Almanya'nın dış istihbarat teşkilatı BND’nin, Fransız hükümeti, Avrupa Birliği Komisyonu ve çeşitli Avrupalı holdingleri dinleme faaliyetinde yıllardır Amerikan Ulusal Güvenlik Ajansı NSA’ye yardım ettiği iddiaları Almanya gündeminde. Bu iddialara rağmen Başbakan Merkel: BND ve NSA'in işbirliğinin süreceğini vurguladı.
Handelsblatt gazetesi konuya ilişkin olarak şu görüşlere yer veriyor:
“Sükut altındır. Fransız hükümetinin şu sıralar bu özdeyişi uyguladığı görülüyor. BND'nin Paris'teki casusluk faaliyetleri ve üst düzey politikacıları dinlemesi konusunda Amerikan Ulusal Güvenlik Ajansı NSA’ye yardım ettiği söyleniyor. Ne var ki Fransa’dan öfke haykırışları gelmiyor, Fransa sadece kibar bir biçimde susuyor. Fransa hükümeti resmî bir tepkide bulunmuyor. Fransız medyası da konuyu sadece kıyıda köşede ele alıyor. Sükut altındır; ulusal güvenlik özel yaşamdan daha önemlidir. Bu konudaki bir yasa tasarısının Fransa Ulusal Meclisi’nde oylanması bekleniyor. Şimdiye kadar casusluk önlemleri özellikle terörizm şüphesi altındaki kişileri kapsamına alıyordu. Buradaki sınırlamanın şimdilerde genişletilmesi isteniyor.

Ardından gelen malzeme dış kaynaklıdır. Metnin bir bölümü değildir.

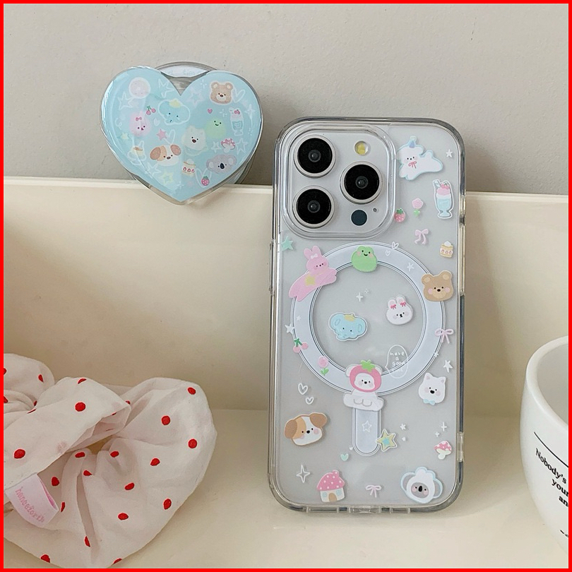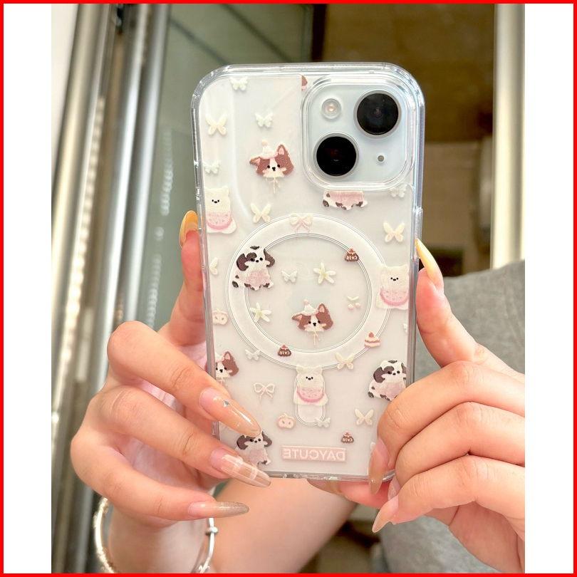 Animal Pita Puppy Flower Magsafe Case Iphone X Xr Xs 11 12 13 14 15 16 Pro Max 14 Plus 15 16 16e Plus Cute Elegan Mewah

Bilgisayarların, konutların ve telefonların dinlenmesi için bundan böyle yargıçların kararına gerek kalmaması hedefleniyor. Bu durumda Fransa eğer daha fazla casusluk faaliyetinde bulunacaksa, o zaman tabii bu konuda Almanya’yı işaret etmesi pek mümkün olmayacak.”
Frankfurter Allgemeine Zeitung'un aynı konudaki yorumuna bakıyoruz:
“İçişleri Bakanı Thomas de Maiziere ve BND Başkanı Gerhard Schindler çarşamba günü Alman istihbarat birimlerinin denetlenmesinden sorumlu meclis denetleme komisyonuna açıklamalarda bulunduklarında, BND skandalının üzerinden neredeyse iki hafta geçmiş olacak. Bu süre içinde konuyla yakından ilgili olanların bile ayrıntıları hatırlamaları kolay olmayacak. Eğer ‘ekonomi casusluğu’ faaliyetinin gerçekten yapıldığı ortaya çıkacak olursa, o zaman Başbakan Merkel’ın başı ağrıyacaktır. Olayın kurbanı, ya komisyona açıklamada bulunacak adını verdiğimiz iki yetkiliden biri, ya da her ikisi birden olacaktır. Skandal böylece çıktığı yere, yani parlamentoya dönüyor. Skandalın ortaya çıkmasına destek veren meclis denetleme komisyonu ile NSA Komisyonu'ydu. Eğer Amerika bu iler tutar yeri kalmayan mercilere bu konuda yardımcı olacaksa, o zaman elindeki malzemeyi doğrudan Edward Snowden'a da gönderebilirdi.”
Stuttgarter Zeitung'un yorumunda ise bu skandal çerçevesinde kavgaya tutuşmak üzere olan Alman hükümetinin koalisyon ortaklarına değiniliyor:
“Hristiyan Birlik partileri açısından Sosyal Demokrat Parti lideri Sigmar Gabriel'in başbakan yerine konuşması hiç hoş kaçmadı. Ancak asıl sorunlu olan nokta, Gabriel'in Merkel için söyledikleriydi. Gabriel, BND'nin ekonomi casusluğu konusunda Amerikan istihbarat servisi NSA'ye yardımda bulunduğuna ilişkin bir işarete rastlanmadığını Angela Merkel'ın iki kez kendisine söylemiş olduğunu açıkladı. Böylece sosyal demokratların lideri Gabriel Merkel'ı bu sözlerinde bağlamış oldu. Yani, Merkel'ın kamuoyu önünde somut olarak söylemediği şeyleri somutlaştırdı. Böylece Merkel'ın olası kaçış yollarını kapatmış ve başbakanlıktaki inanılmayacak bu gelişmeden Merkel'ın sorumlu tutulmasının yolunu açmış oldu.”